A dark-red Mazda SUV driving on a road, with Jeremy Clarkson standing beside it.
The Sunday Times

As a younger man I used to be baffled when there was a crime and a police statement said that an eyewitness had described the getaway vehicle as a “white saloon”. I’d sit there thinking, surely, even if you aren’t interested in cars at all, you could come up with a better description than that.

If I’d been the witness, I’d have been a bit more specific. I’d have said it was a glacier-white Vauxhall Cavalier, which, because it had small red stripes on the side trim and a deeper front spoiler, was likely to have been a post 1987 SRi 130. I knew this kind of stuff. It was embedded in me.

When I was ten my dad brought his Cortina 1600E back from the menders after one of his many shunts and I noticed they’d fitted a grille from a Cortina 1600 Super. And I had a paddy fit when he said, “It doesn’t matter.” Because it did matter.

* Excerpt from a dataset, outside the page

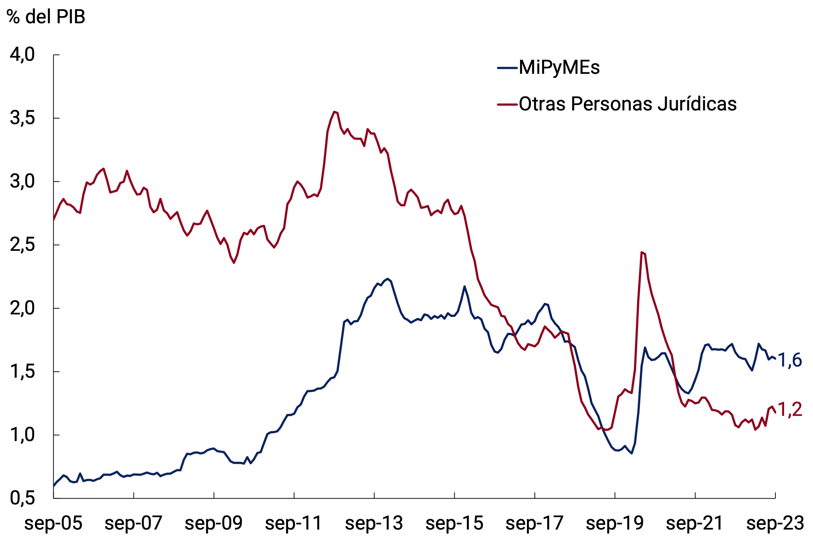 En Argentina la actividad económica se contrajo en el segundo trimestre del año, como consecuencia de la severa sequía que afectó principalmente la cosecha gruesa, tal como se había anticipado en el IPOM anterior. Por su parte, el nivel de actividad del conjunto de los sectores no agropecuarios se mantuvo estable respecto al primer trimestre y también en términos interanuales, con las actividades más vinculadas al agro contrayéndose y el resto creciendo. El empleo formal en los sectores no agropecuarios continuó aumentando. La demanda interna se mantuvo relativamente estable respecto al primer trimestre, con cierta heterogeneidad entre sus componentes. La contracción de las exportaciones netas, caída de existencias, ambas afectadas por la sequía, y la merma en el consumo privado fueron parcialmente contrarrestadas por el aumento de la inversión. Hacia delante se espera que el conjunto de políticas de refuerzo de ingresos implementadas por el Gobierno Nacional contribuya a sostener la demanda interna, en un contexto de elevada inflación e incertidumbre asociada al período electoral.

Not any more, though, because cars today have become like trees. Or milk bottles. Homogeneity is now so rife that even a walking automotive encyclopedia like me would be forced, if asked by the police to describe a getaway car, to say, “Er… it was a white saloon.”

Last week I opened my front door to find that someone had dropped off a car for me to review. And as I couldn’t see a badge, I had no idea what it was. It was finished in the same sort of brownish burgundy you find on the bedspreads in budget American motels, and it had some chrome trim that I guessed had been fitted to make it look upmarket and swish.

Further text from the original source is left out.